Study Guide: Chapter 4 — Spanning Tree Protocol and Loop Prevention on AOS-CX

Layer 2 networks built with Ethernet have a wonderful property — broadcast domains scale gracefully because every switch learns MAC addresses dynamically. They also have a terrible property: a single redundant cable can collapse the entire network in seconds. Spanning Tree Protocol (STP) and its successors are the antidote. On AOS-CX, the modern incarnation is Multiple Spanning Tree Protocol (MSTP).

Section 1: STP/RSTP/MSTP Fundamentals

Pre-reading Check — Section 1

1. What is the primary purpose of Spanning Tree Protocol?

A. Encrypt Layer 2 traffic between switches.

B. Prevent Layer 2 loops while preserving redundant paths for failover.

C. Replace VLANs with a single broadcast domain.

D. Discover MAC addresses faster than dynamic learning.

2. Which switch becomes the root bridge in a spanning-tree topology?

A. The switch with the highest Bridge ID.

B. The switch with the most physical ports.

C. The switch with the lowest Bridge ID (priority + MAC).

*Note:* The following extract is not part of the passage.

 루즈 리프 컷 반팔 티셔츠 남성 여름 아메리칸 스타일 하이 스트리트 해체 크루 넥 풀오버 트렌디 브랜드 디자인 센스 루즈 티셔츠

D. The switch elected by an administrator at runtime.

3. By default, spanning tree on AOS-CX switches is:

A. Enabled in PVST+ mode.

B. Enabled in RSTP mode.

C. Disabled — you must enable it explicitly.

D. Enabled only on uplink ports.

4. Which RSTP port state replaces classic STP's Disabled, Blocking, and Listening states?

A. Forwarding

B. Learning

C. Discarding

D. Designated

Why a Spanning Tree?

Imagine three switches cabled in a triangle. When a single broadcast frame leaves a host, every switch floods it out every port. The frame travels around the triangle and returns. Within seconds, the network has billions of copies of one frame circulating, and Ethernet has no Time-to-Live field to stop them.

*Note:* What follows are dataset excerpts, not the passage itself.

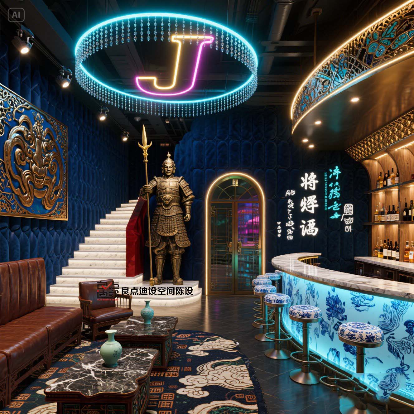 看這尊兩米高的青銅將軍雕塑???古代戰(zhàn)甲和現(xiàn)代射燈碰撞 吧臺小哥調(diào)酒都像在作法事(褒義)!背景墻必須吹爆 深藍(lán)底+24K金箔浮雕 隨手拍都是故宮聯(lián)名款既視感
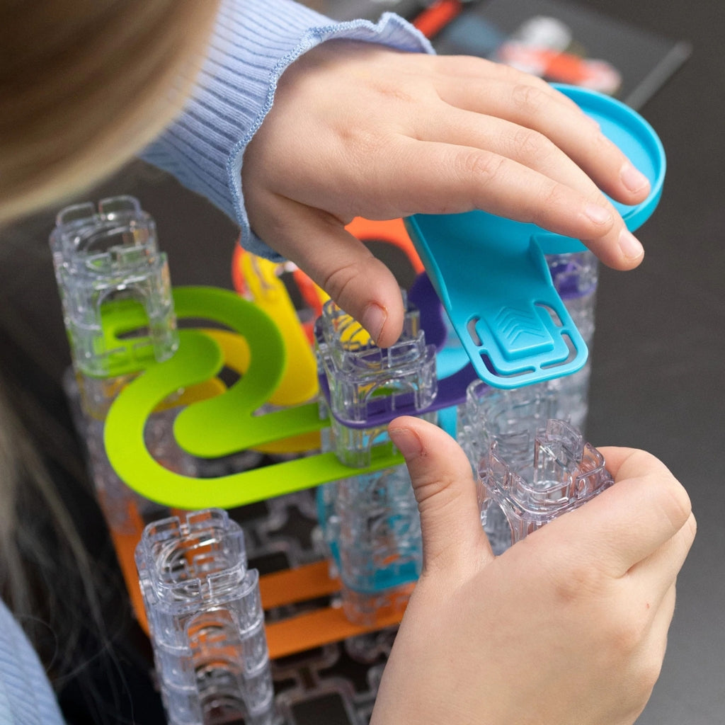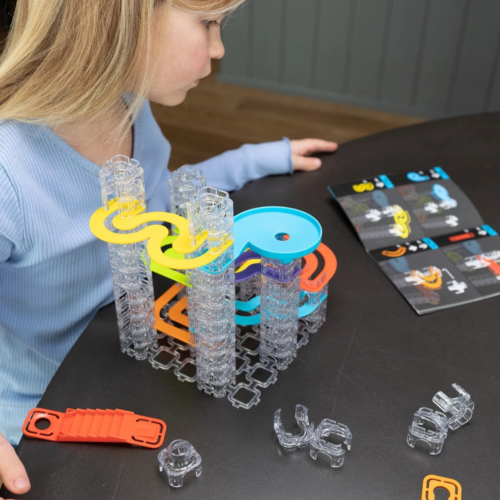 With 124 pieces, the Deluxe Set includes everything needed to construct large, dynamic marble runs. The uniquely designed tracks feature grooves that widen ever so slightly, creating an invisible slope to propel marbles forward in slow motion. It’s a mesmerizing way to introduce concepts like gravity, balance, and cause-and-effect.
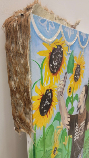 Adding beadwork to the paintings and framing the portraits with animal hides (the fawn I harvested and tanned from roadkill) as well as juxtaposing contemporary symbols of "Techno sapiens" and the natural world represent a "re-indigenized" practice.
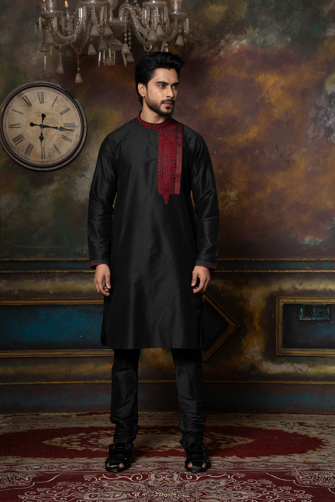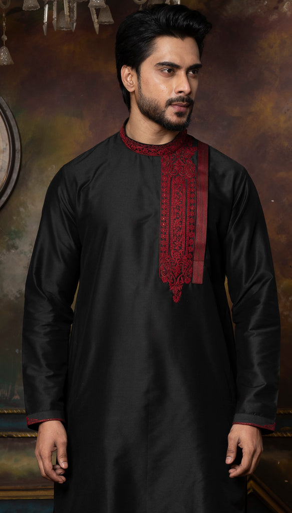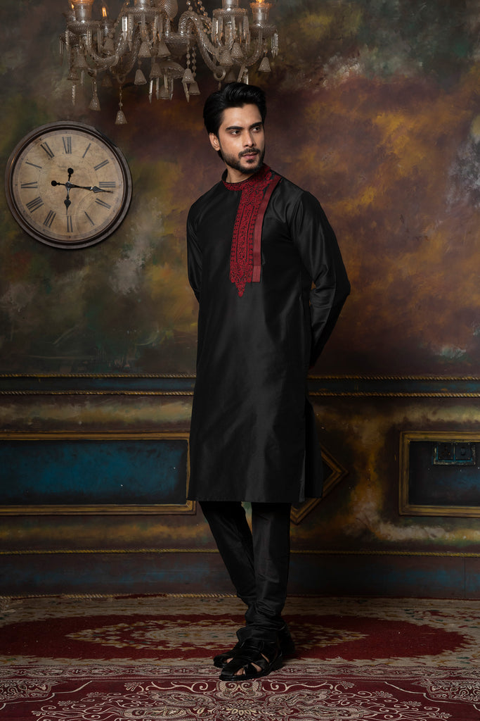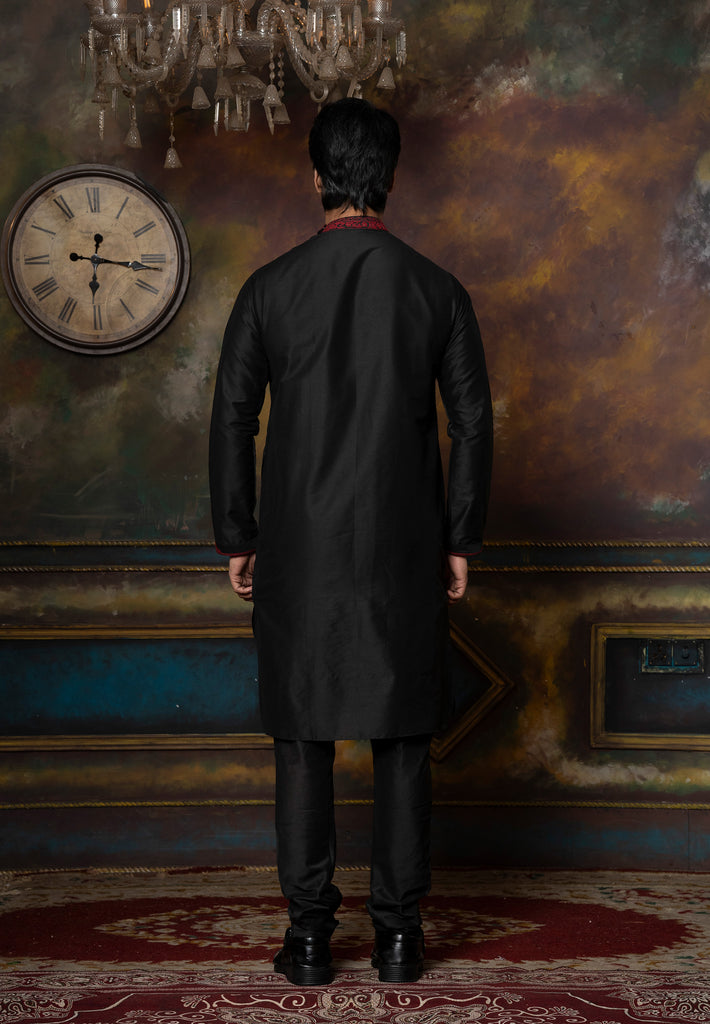 Black Angrakha With Embroidery Kurta

Spanning tree's job is to elect a root bridge and have every other switch select a single best path back to that root, blocking all other paths. The result is a tree topology — loop-free by construction — that can be re-computed if any link fails.

Animation: Root Bridge Election via BPDU Exchange

SW3 has the lowest Bridge ID (priority 4096) and wins the root election. SW1 and SW2 each select a root port toward SW3, and the redundant link between them gets blocked to break the loop.

Bridge ID, Root Election, and Path Cost

Every switch participating in spanning tree has a Bridge ID (BID) composed of two parts: a 16-bit priority (default 32768, multiples of 4096) and the switch's MAC address used as a tiebreaker. The switch with the lowest Bridge ID wins the root election. Once a root is chosen, every other switch calculates the cost of reaching the root over each link and selects the lowest-cost path — that becomes the root port.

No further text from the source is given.